その代わり、「青色申告」で受けられる特別控除はありません。
「青色申告」はさらに2種類に分かれ、10万円の控除を受けられるものと65万円の控除を受けられるものがあります。
65万円控除のほうは複式簿記を用意するなどの知識が必要ですが、10万円控除のほうは白色申告とほぼ同じなので、収入が多くなったら切り替えるのもいいかもしれません。
フリーランスの経費はどうする?


税金は、もらった報酬全部が対象になる訳ではありません。
まず、年金や健康保険に払ったお金は全額、所得から差し引かれる控除になります。さらに、生命保険なども上限が決まっていますが、控除の対象です。そして、一番大きいのが、仕事をする上で使ったお金、すなわち経費です。
白色申告は「収支内訳書」、青色申告は「所得税青色申告決算書」を見れば分かりますが、「経費」と書かれた大枠に「給料賃金」や「外注工賃」といった科目の欄が並んでいます。
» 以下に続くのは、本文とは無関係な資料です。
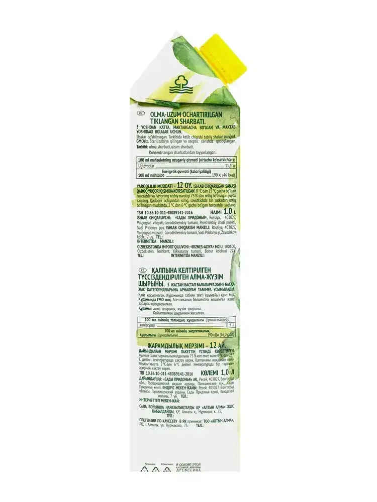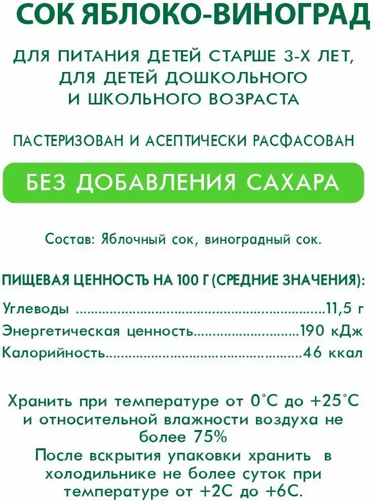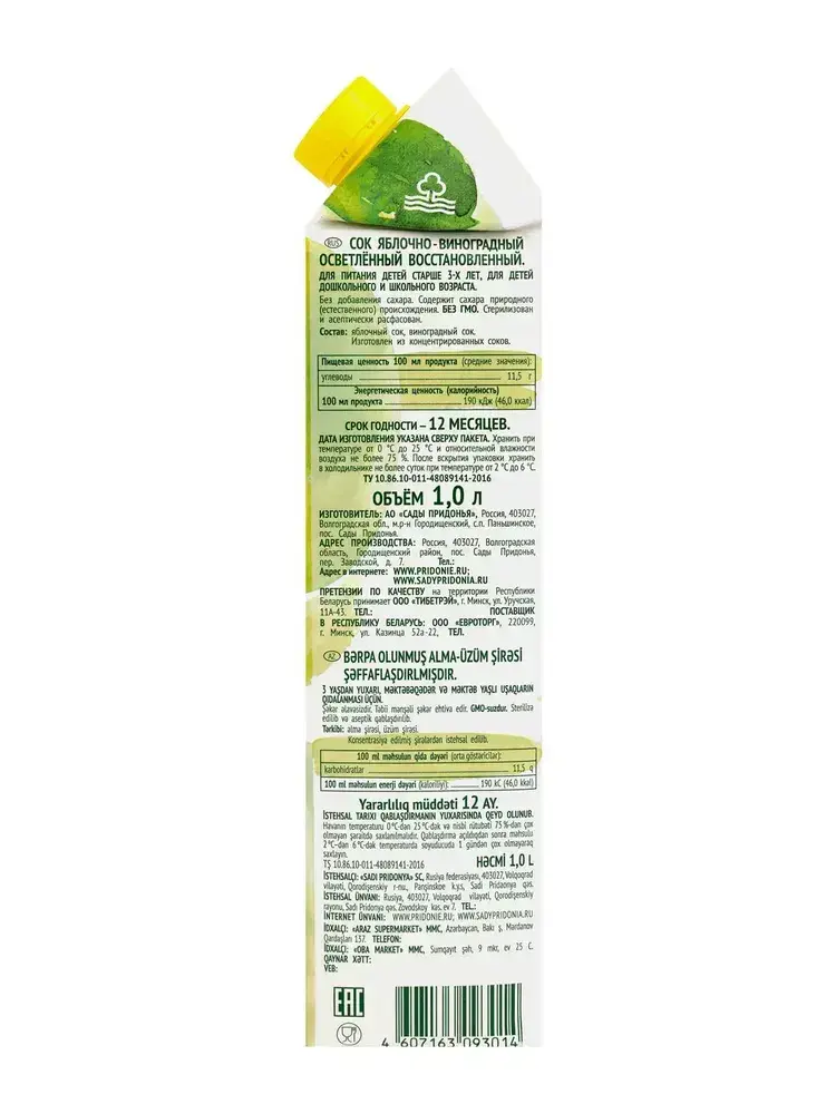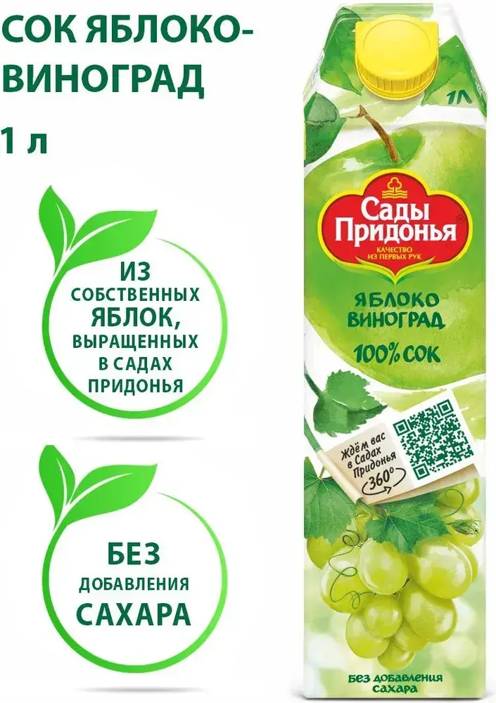 Сок Сады Придонья Яблочно-Виноградный, осветленный, восстановленный, 1 л

これらに当てはまる支払いが全て、経費として認められる訳です。と言われても、まだどの支払いがどの科目に当てはまるか分かりづらいでしょう。
以下に、それぞれの科目の代表例を挙げます。
- 給料賃金
- 自分や家族以外の従業員に払う給料。これはフリーランスの方にはあまり関係がないかもしれません。
- 外注工賃
- 外部に仕事を発注して掛かった費用。これも自分で全部請け負っているフリーランスの方には関係ない事が多いでしょう。
- 減価償却費
- 10万円以上の固定資産を耐用年数分で目減り具合を計算した額。例えば、10万円で耐用年数10年のパソコンは、1年で1万円の減価償却を計上できます。
- 貸倒金
- 払われなかった報酬など。
- 地代家賃
- 事務所などを借りた時の賃貸料。自宅を仕事場としている場合、その広さ分だけ認められます。
- 利子割引料
- 金融機関からお金を借りた時に掛かる利息など。
- 租税公課
- 固定資産税、自動車税など。
- 荷造運賃
- 荷物を送る時に使う梱包材や配送料。
- 水道光熱費
- 家賃と同じく、仕事場の分だけ認められます。一般的には、全体の2、3割の料金を計上します。
- 旅費交通費
- 電車賃などと共に宿泊費も。
- 通信費
- 電話代、プロバイダー料、手紙の切手代など。
- 広告宣伝費
- 宣伝サイトを作った時のドメイン取得料やサーバーレンタル代など。クライアントに出した年賀状も含まれます。
- 接待交際費
- クライアントと共にした飲食費。お中元やお歳暮など。
- 損害保険料
- 商品、店舗、事業用自動車などを対象とする保険料。
- 修繕費
- 業務に使う機器の修理代など。
- 消耗品費
- 文房具などの少額備品費。
- 福利厚生費
- 従業員のための社会保険料や慰労費など。
- 雑費
- 上の科目に当てはまらない出費。
この額が大きい時は、空欄が用意されていますので自分で科目を作ったほうが良いでしょう。
例えば、参考書やメールマガジン代などは図書費として計上します。

このように、経費と見なされるのは、当たり前ですが全て仕事に関係するものだけです。つまり、家族で外食した費用や日常生活で使う洋服代などは経費ではありません。
フリーランスこそ公私混同せず、はっきりとした会計が必要と言えるでしょう。